Yep. Big test. It's one thing to shutdown the Dodgers once, but they have recent at-bats against Irvin now and hall of famers in their lineup. If Irvin pitches well again against that lineup, that would further legitimize him. Am a little nervous that the Dodgers get to him tonight, but Irvin's stuff is filthy.

Would a play just on who’s going to win the first five innings be a smarter way to go about it
 
Would a play just on who’s going to win the first five innings be a smarter way to go about it
Good angle. The Nats torched a big part of their bullpen last night when they couldn't hold on to a 1-0 leading heading into the 7th. Also, right now, the Nats have no left-handed relievers, which is incredible.
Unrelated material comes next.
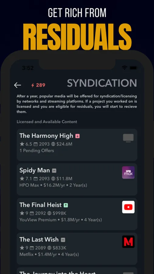 • Hire managers to invest in movies and land endorsement deals!

The Dodgers have so many dominant left-handed hitters (Ohtani, Freeman, Muncy, Outman - who got the key hit last night against a RH reliever) that a foreeeable scenario is the Nats blowing another late inning lead. The thing is the Dodgers starter is a rookie making his second start, Landon Knack (the Nats beat him last week), the Nats now have that experience to further go to school on him.